[Dataset records]
◇ ◇ ◇ ◇ ◇ ◇ ◇

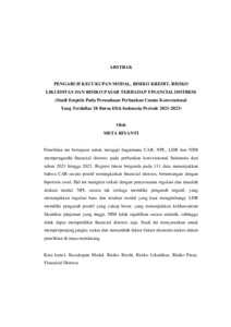 ABSTRAK Penelitian ini bertujuan untuk menguji bagaimana CAR, NPL, LDR dan NIM mempengaruhi financial distress pada perbankan konvensional Indonesia dari tahun 2021 hingga 2023. Regresi linear berganda pada 111 data menunjukkan bahwa CAR secara positif meningkatkan financial distress, bertentangan dengan hipotesis awal. Hal ini mungkin terkait dengan penyesuaian regulasi dan masalah alokasi modal. NPL secara tak terduga memiliki pengaruh negatif, yang menunjukkan regulasi baru dan struktur modal yang kuat mengimbangi. LDR memiliki pengaruh positif yang cukup besar, yang menunjukkan kekhawatiran likuiditas pinjaman yang tinggi. NIM tidak signifikan secara statistik, sehingga tidak dapat memprediksi financial distress saja. Studi ini menyarankan untuk memperpanjang jangka waktu dan menambah faktor-faktor ekonomi makro dalam penelitian di masa mendatang. Kata kunci: Kecukupan Modal, Risiko Kredit, Risiko Likuiditas, Risiko Pasar, Financial Distress This research examined how CAR, NPL, LDR, and NIM effect financial hardship in Indonesian conventional banks from 2021 to 2023. Multiple regression on 111 data showed CAR positively increased financial hardship, contradicting the original prediction. This may be related to regulatory adjustments and capital allocation issues. NPL unexpectedly had a negative effect, indicating new laws and rabust capital structures offset it. LDR had a considerable positive effect, suggesting high lending liquidity concerns. NIM was not statistically significant, hence it cannot predict distress alone. The study suggests extending the timeframe and integrating macroeconomic factors in future research. Keywords: Capital Adequacy, Credit Risk, Liquidity Risk, Market Risk, Financial Distress
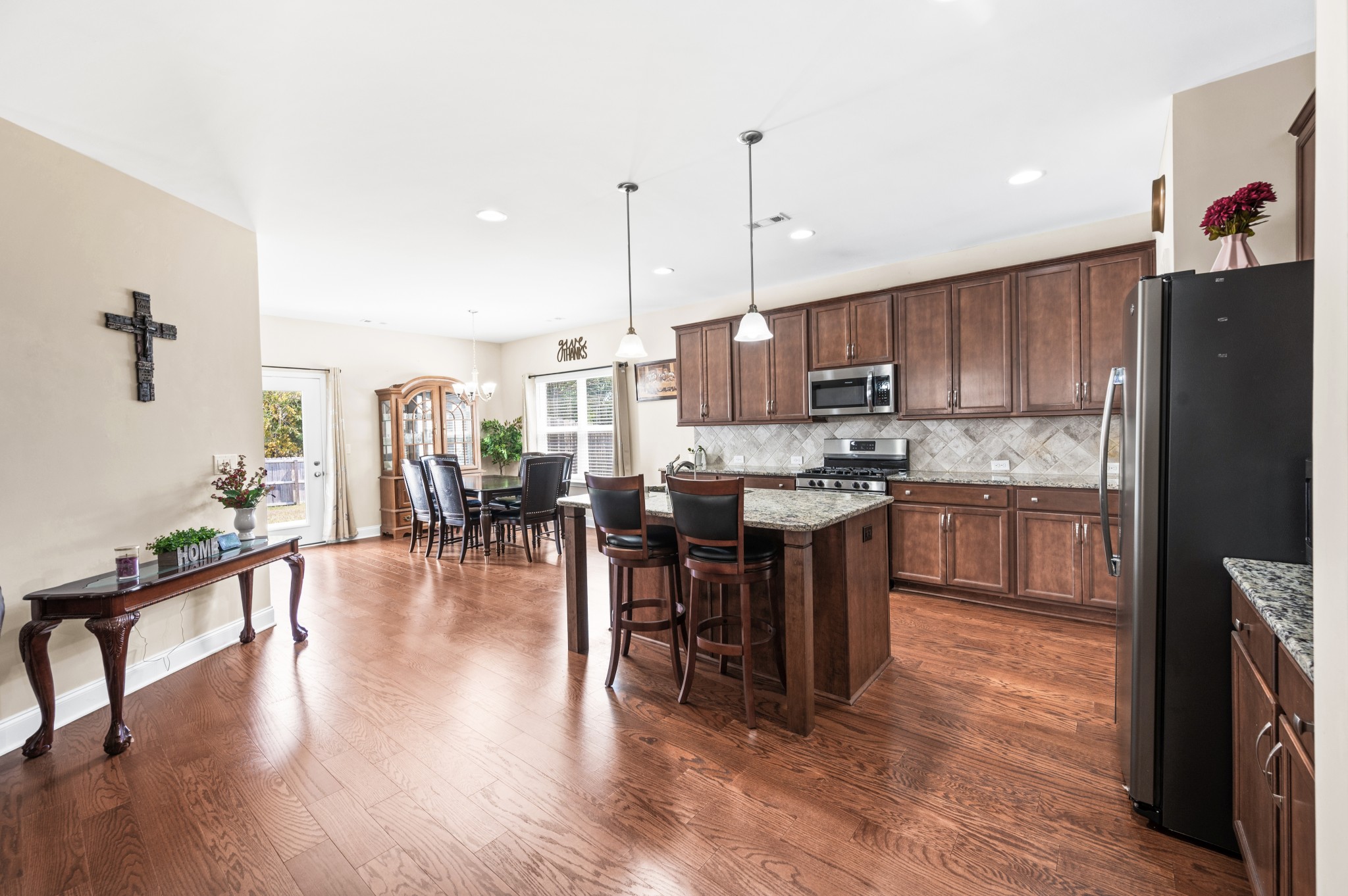 Welcome to 591 Oakvale Ln in Mount Juliet’s desirable Oakvale community! Built in 2020, this home offers nearly 2,400 sq. ft. with 4 bedrooms and 3 baths, including two bedrooms on the main level. The open floor plan features hardwood flooring in formal areas, a gourmet kitchen with granite countertops, a tile backsplash, stainless steel appliances, and a walk-in pantry. The spacious primary suite includes a spa-like bath with dual vanities and a walk-in closet. Enjoy an open patio, fenced backyard, and private wooded views with no rear neighbors. Additional highlights include a 2-car garage, energy-efficient systems, low HOA fees, and neighborhood playground—all within minutes of schools, shopping, and dining.
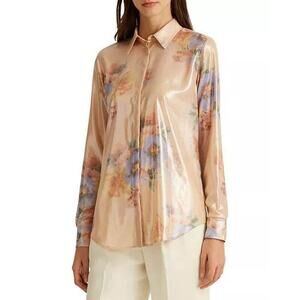 Lauren Ralph Lauren Women’s XL Floral Metallic Georgette Crepe Blouse Shirt
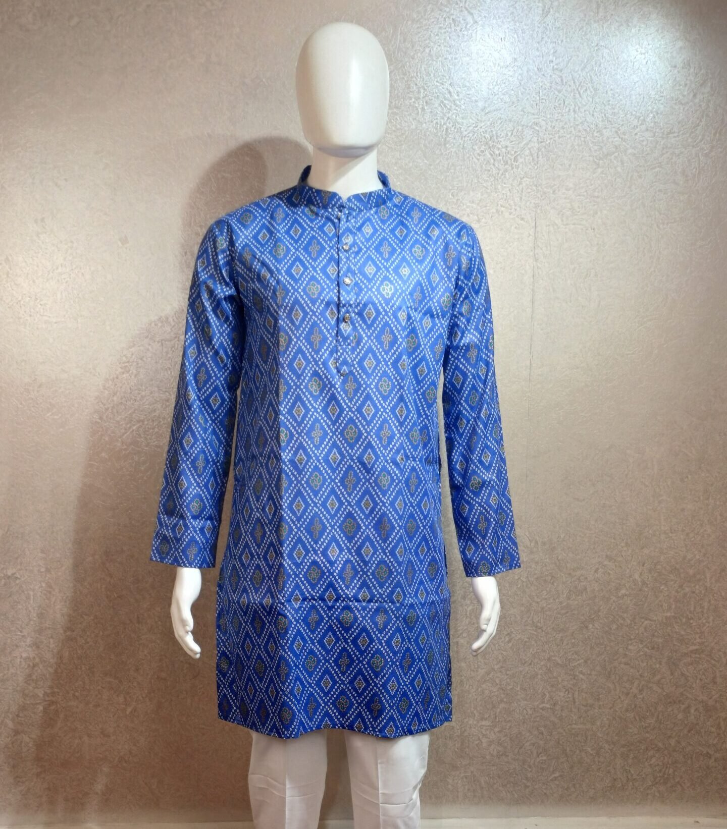 The vibrant royal blue base is beautifully accented with geometric diamond motifs in golden and white, inspired by traditional hand-block patterns. Its tailored silhouette and soft finish ensure comfort and sophistication in equal measure.
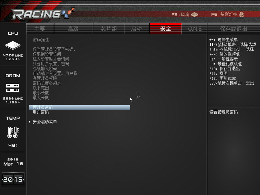 安全界面可以設置管理員密碼等選項。
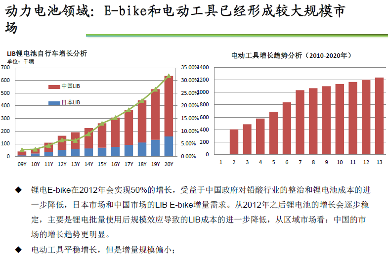 鋰電E-bike在2012年會實現(xiàn)50%的增長,受益于中國政府對鉛酸行業(yè)的整治和鋰電池成本的進一步降低,日本市場和中國市場的LIB E-bike增量需求。從2012年之后鋰電池的增長會逐步穩(wěn)定,主要是鋰電批量使用后規(guī)模效應(yīng)導(dǎo)致的LIB成本的進一步降低,從區(qū)域市場看:中國的市場的增長趨勢更明顯。 電動工具平穩(wěn)增...
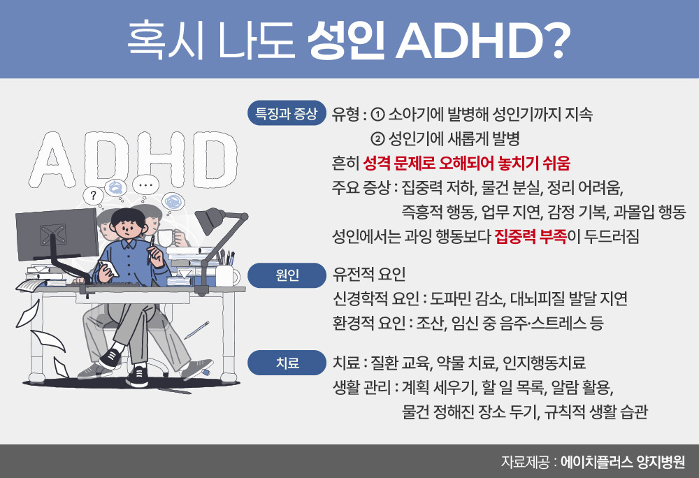 많은 사람들이 ADHD를 소아 청소년기에만 발생하는 질환으로 오해하지만, 실제로는 성인기까지 이어지거나 성인이 되어 새롭게 발병하기도 한다. 단순히 타고난 성격이나 성향 탓으로 치부해 제때 치료받지 못하는 경우가 많아 주의가 필요하다.
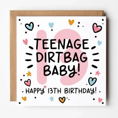 Lunella Stationery Happy 13th Birthday Card for Her Fun Teenage Dirtbag Baby! Age 13 Cute & Trendy Design Blank Inside With Kraft Envelope (Teenage Dirtbag)

◇ ◇ ◇ ◇ ◇ ◇ ◇

Please reproduce the lines above from the one containing "安全界面可以設置管理員密碼等選項。" through the final line, exactly and inclusively, leaving out each picture.

 安全界面可以設置管理員密碼等選項。
 鋰電E-bike在2012年會實現(xiàn)50%的增長,受益于中國政府對鉛酸行業(yè)的整治和鋰電池成本的進一步降低,日本市場和中國市場的LIB E-bike增量需求。從2012年之后鋰電池的增長會逐步穩(wěn)定,主要是鋰電批量使用后規(guī)模效應(yīng)導(dǎo)致的LIB成本的進一步降低,從區(qū)域市場看:中國的市場的增長趨勢更明顯。 電動工具平穩(wěn)增...
 많은 사람들이 ADHD를 소아 청소년기에만 발생하는 질환으로 오해하지만, 실제로는 성인기까지 이어지거나 성인이 되어 새롭게 발병하기도 한다. 단순히 타고난 성격이나 성향 탓으로 치부해 제때 치료받지 못하는 경우가 많아 주의가 필요하다.
 Lunella Stationery Happy 13th Birthday Card for Her Fun Teenage Dirtbag Baby! Age 13 Cute & Trendy Design Blank Inside With Kraft Envelope (Teenage Dirtbag)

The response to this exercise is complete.